== DATASET EXCERPT

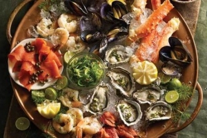 Menu: Raw & Steamed Seafood Bar; shrimp, oysters, clams, and crab claws served with cut lemons, cocktail sauce, fresh horseradish, hot sauce, mignonette sauce, and horseradish dijon sauce. (All food sold separately.)
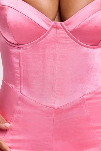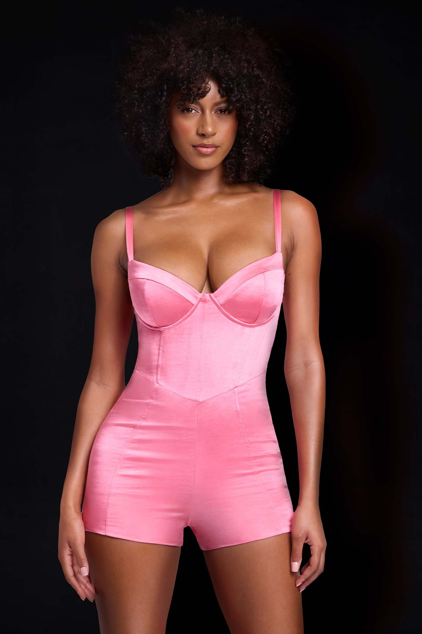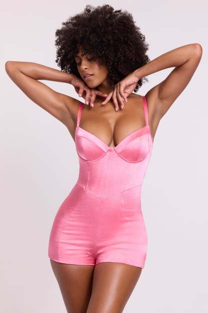 Effortless seduction. Designed in our high shine satin fabric and cut to a curve-enhancing bodycon fit, the Romera playsuit is perfect for sultry evenings. A fun and flirty silhouette, Romera is complete with underwired cups, a cheeky length and figure-cinching built-in corsetry.
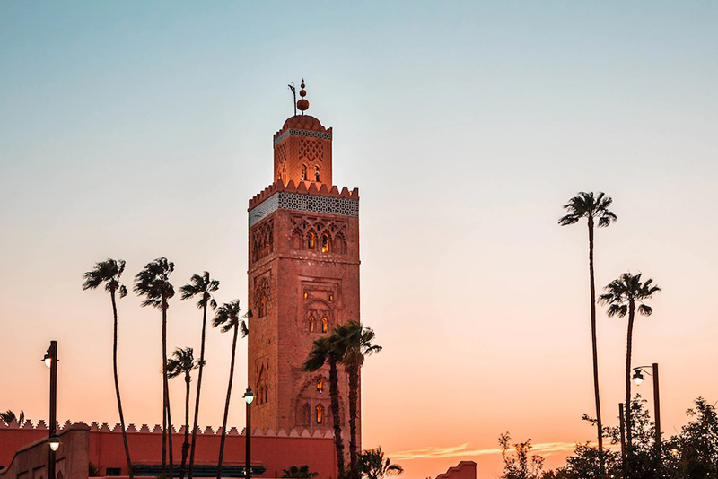 From there, as far as the eye can see, the symbol of the city stands erect. The magnificent 12th-century Koutoubia minaret, with decoration similar to the Giralda in Seville or the Hassan minaret in Rabat.

====

→ **EXERCISE INSTRUCTIONS**
Without the pictures, please reproduce each line of the listing above exactly, from the first one through the line bearing "Effortless seduction. Designed".

→ **WRITTEN RESPONSE**
 Menu: Raw & Steamed Seafood Bar; shrimp, oysters, clams, and crab claws served with cut lemons, cocktail sauce, fresh horseradish, hot sauce, mignonette sauce, and horseradish dijon sauce. (All food sold separately.)
 Effortless seduction. Designed in our high shine satin fabric and cut to a curve-enhancing bodycon fit, the Romera playsuit is perfect for sultry evenings. A fun and flirty silhouette, Romera is complete with underwired cups, a cheeky length and figure-cinching built-in corsetry.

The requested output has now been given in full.